= What is expected =
Retype nothing except the lines below from the one with "Platz zwei der" through the one with "在 52220.00 之下,看跌,目标价位为", exactly, with images left out.

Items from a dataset

============================================================

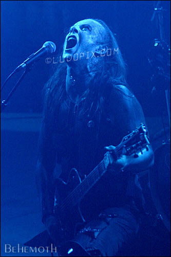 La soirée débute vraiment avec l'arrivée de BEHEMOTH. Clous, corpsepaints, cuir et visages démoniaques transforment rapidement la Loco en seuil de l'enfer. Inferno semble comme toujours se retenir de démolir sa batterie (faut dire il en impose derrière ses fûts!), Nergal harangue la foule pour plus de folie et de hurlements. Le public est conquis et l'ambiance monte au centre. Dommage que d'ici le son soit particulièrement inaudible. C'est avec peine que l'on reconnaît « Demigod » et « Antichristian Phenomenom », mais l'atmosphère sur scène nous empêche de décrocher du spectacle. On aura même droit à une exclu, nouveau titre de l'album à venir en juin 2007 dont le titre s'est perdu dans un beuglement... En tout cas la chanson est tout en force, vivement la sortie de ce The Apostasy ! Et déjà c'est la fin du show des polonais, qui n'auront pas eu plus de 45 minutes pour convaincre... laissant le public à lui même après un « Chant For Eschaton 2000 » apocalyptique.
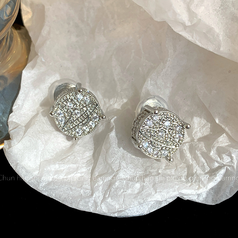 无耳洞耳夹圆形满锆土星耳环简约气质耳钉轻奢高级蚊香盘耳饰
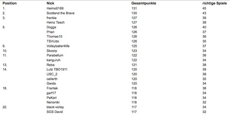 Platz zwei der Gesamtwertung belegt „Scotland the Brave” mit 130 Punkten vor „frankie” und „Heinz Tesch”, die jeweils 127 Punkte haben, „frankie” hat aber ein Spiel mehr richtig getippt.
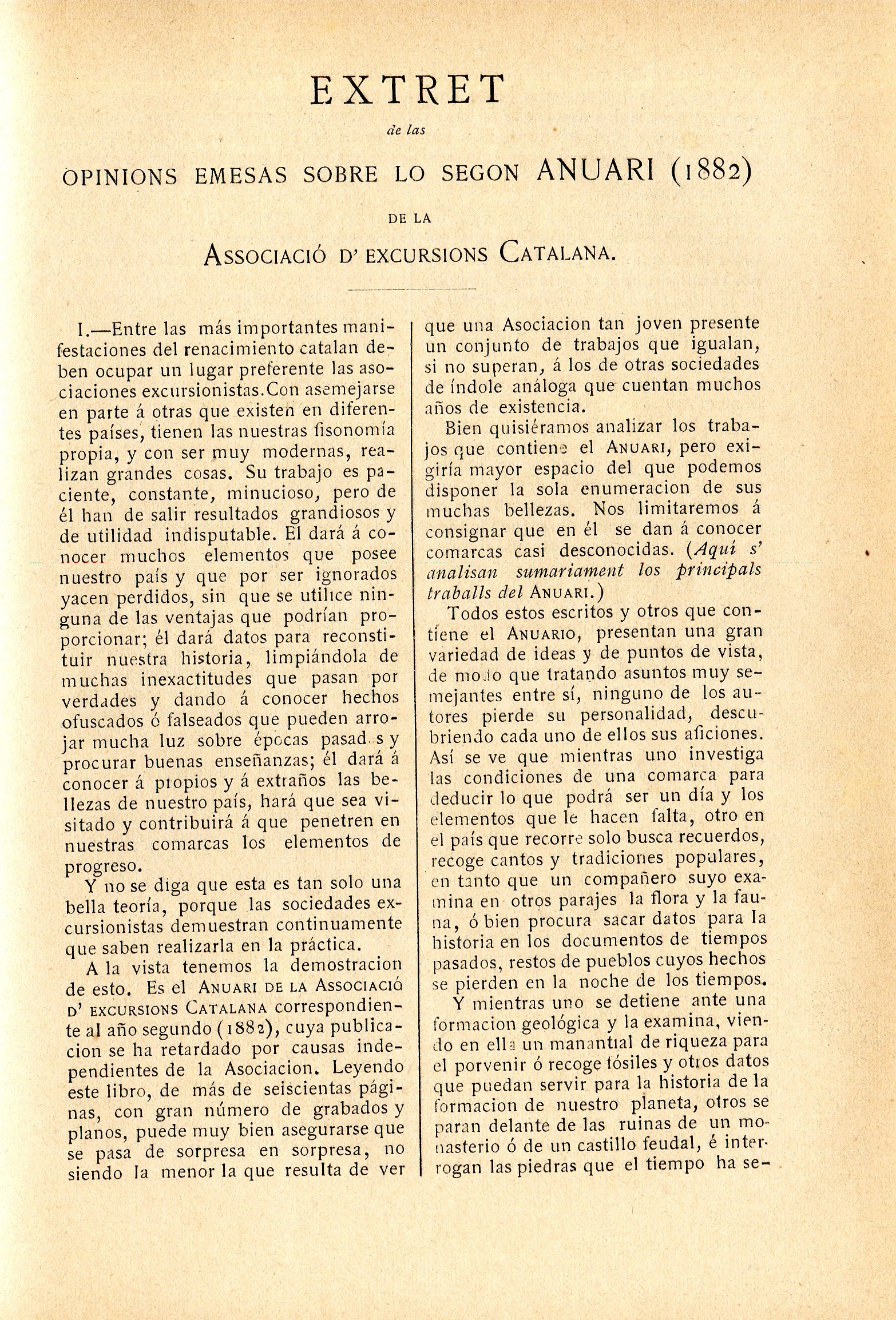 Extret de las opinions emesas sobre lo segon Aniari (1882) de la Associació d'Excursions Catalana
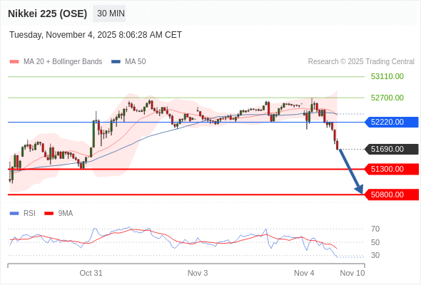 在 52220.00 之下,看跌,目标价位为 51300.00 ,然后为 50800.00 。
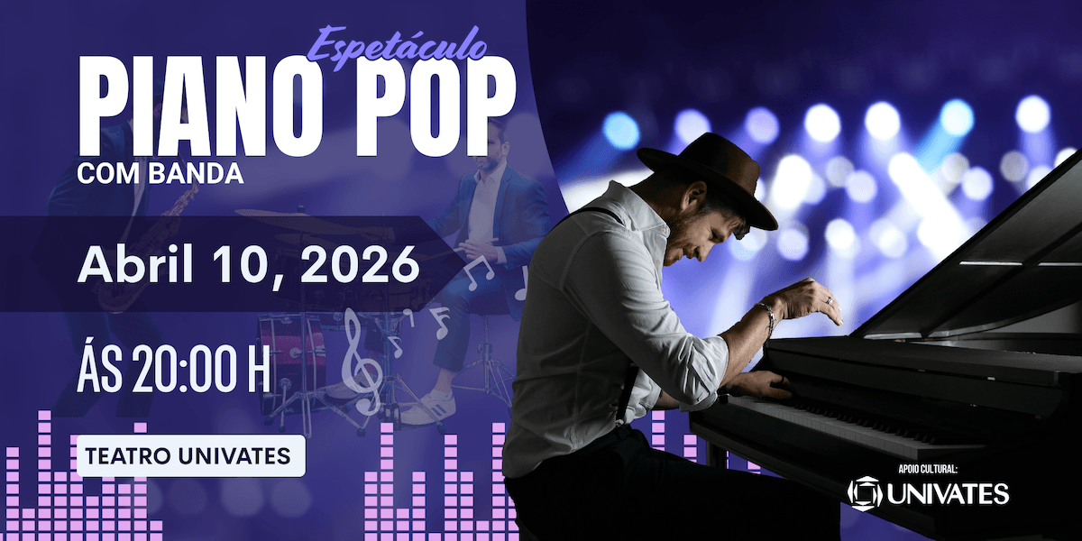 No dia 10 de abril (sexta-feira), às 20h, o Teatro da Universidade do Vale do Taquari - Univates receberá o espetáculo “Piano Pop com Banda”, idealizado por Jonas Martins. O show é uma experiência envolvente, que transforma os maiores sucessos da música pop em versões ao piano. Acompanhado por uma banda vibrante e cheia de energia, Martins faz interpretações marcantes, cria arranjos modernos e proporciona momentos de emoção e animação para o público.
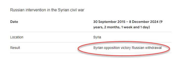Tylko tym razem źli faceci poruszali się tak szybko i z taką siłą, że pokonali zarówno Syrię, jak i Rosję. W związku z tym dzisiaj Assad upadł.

============================================================

= Expected output =
 Platz zwei der Gesamtwertung belegt „Scotland the Brave” mit 130 Punkten vor „frankie” und „Heinz Tesch”, die jeweils 127 Punkte haben, „frankie” hat aber ein Spiel mehr richtig getippt.
 Extret de las opinions emesas sobre lo segon Aniari (1882) de la Associació d'Excursions Catalana
 在 52220.00 之下,看跌,目标价位为 51300.00 ,然后为 50800.00 。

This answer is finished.